如何强制执行以上列表抽象存储相同类型的数据?
注意:实际上,需要从语法角度强制执行这些规则。
答案 0 :(得分:3)
由于python是动态类型语言,因此您无法在执行前检查类型。但实际上有时需要检查输入参数,返回值。我使用下一个解决方案来完成这项任务:
def accepts(*types):
"""Check input types"""
#print types
def check_accepts(f):
assert len(types) == f.func_code.co_argcount
def new_f(*args, **kwds):
for (a, t) in zip(args, types):
assert isinstance(a, t), \
"arg %r does not match %s" % (a,t)
return f(*args, **kwds)
new_f.func_name = f.func_name
return new_f
return check_accepts
def returns(rtype):
"""Check returns type"""
def check_returns(f):
def new_f(*args, **kwds):
result = f(*args, **kwds)
assert isinstance(result, rtype), \
"return value %r does not match %s" % (result,rtype)
return result
new_f.func_name = f.func_name
return new_f
return check_returns
if __name__ == '__main__':
import types
@returns(types.NoneType) #Check None as result
@accepts(int, (int,float)) #First param int; second int or float
def func(arg1, arg2):
#return str(arg1 * arg2)
pass
func(1, 2)
答案 1 :(得分:0)
Python 不是强类型语言。

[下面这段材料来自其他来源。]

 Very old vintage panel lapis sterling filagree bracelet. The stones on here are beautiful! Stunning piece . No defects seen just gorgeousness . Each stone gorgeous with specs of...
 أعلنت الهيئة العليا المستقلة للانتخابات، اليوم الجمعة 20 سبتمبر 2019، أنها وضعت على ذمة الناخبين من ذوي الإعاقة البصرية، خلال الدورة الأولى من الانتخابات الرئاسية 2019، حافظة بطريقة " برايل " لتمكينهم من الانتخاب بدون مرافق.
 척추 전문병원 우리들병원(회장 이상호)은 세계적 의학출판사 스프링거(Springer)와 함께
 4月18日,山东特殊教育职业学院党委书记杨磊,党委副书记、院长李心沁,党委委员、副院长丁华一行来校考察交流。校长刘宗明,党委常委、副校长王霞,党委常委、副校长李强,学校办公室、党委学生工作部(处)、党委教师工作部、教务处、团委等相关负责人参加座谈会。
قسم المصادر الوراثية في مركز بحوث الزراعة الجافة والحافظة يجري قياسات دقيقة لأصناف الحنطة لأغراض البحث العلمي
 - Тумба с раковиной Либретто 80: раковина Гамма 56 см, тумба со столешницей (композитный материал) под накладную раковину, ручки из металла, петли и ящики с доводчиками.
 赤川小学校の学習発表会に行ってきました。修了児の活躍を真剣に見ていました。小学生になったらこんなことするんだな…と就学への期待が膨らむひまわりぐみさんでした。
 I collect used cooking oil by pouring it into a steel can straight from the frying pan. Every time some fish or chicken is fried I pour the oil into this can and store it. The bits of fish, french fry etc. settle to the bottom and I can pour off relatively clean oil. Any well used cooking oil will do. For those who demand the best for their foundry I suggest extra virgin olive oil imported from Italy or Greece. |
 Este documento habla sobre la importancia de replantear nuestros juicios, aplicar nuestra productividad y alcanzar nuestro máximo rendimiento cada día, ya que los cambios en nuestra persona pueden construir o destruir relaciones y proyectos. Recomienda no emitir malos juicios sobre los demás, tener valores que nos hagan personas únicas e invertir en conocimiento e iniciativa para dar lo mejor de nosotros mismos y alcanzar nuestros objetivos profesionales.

更准确地说,它是一个动态类型。这意味着变量包含具有类型的值,但语言本身永远不会禁止在变量中放入不同类型的值。
a = 1 # a contains an integer value
a = "abc" # a now contains a string value
但是,你有isinstance和type函数可以帮助实现这个要求:你可以影响递归列表的类型,只允许绑定元素和递归列表兼容类型。
完整的规范可能是:
isinstance(elt, typ)为真的第一个元素来构建rlist,typ是 rest 部分的可接受的类型实现:
class rlist:
def __init__(self, first, rest=None, typ=None):
self.first = first
self.rest = rest
if rest is None: # initial creation
self.typ = type(first) if typ is None else typ
else:
if not isinstance(rest, rlist):
raise TypeError(str(rest) + " not a rlist"
self.typ = rest.typ
if not isinstance(first, self.typ):
raise TypeError(str(first) + "not a " + str(typ))
# other methods ...
但是当你需要强类型时,你应该想知道Python是否真的是合适的语言 - Java 强类型并且本机支持所有这些。 Python方式更多我接受这个并且只是希望它适合,程序员应该知道他做了什么
答案 2 :(得分:0)
为了强制执行该类型,您必须在构造函数中的某处提供类型作为参数。考虑构建参数化类型构造函数。这是一个例子。
>>> def list_spec_for(type_):
... empty_rlist = type_()
... def rlist(first, rest):
... return (type_(first), rest)
... return empty_rlist, rlist
>>> empty_rlist, rlist = list_spec_for(int)
>>> empty_rlist
0
>>> rlist(1, empty_rlist)
(1, 0)
>>> rlist("1", empty_rlist)
(1, 0)
>>> rlist("one", empty_rlist)
ValueError: invalid literal for int() with base 10: 'one'
如果接受“1”不适合您的目的,您当然可以在rlist的定义中添加isinstance项检查。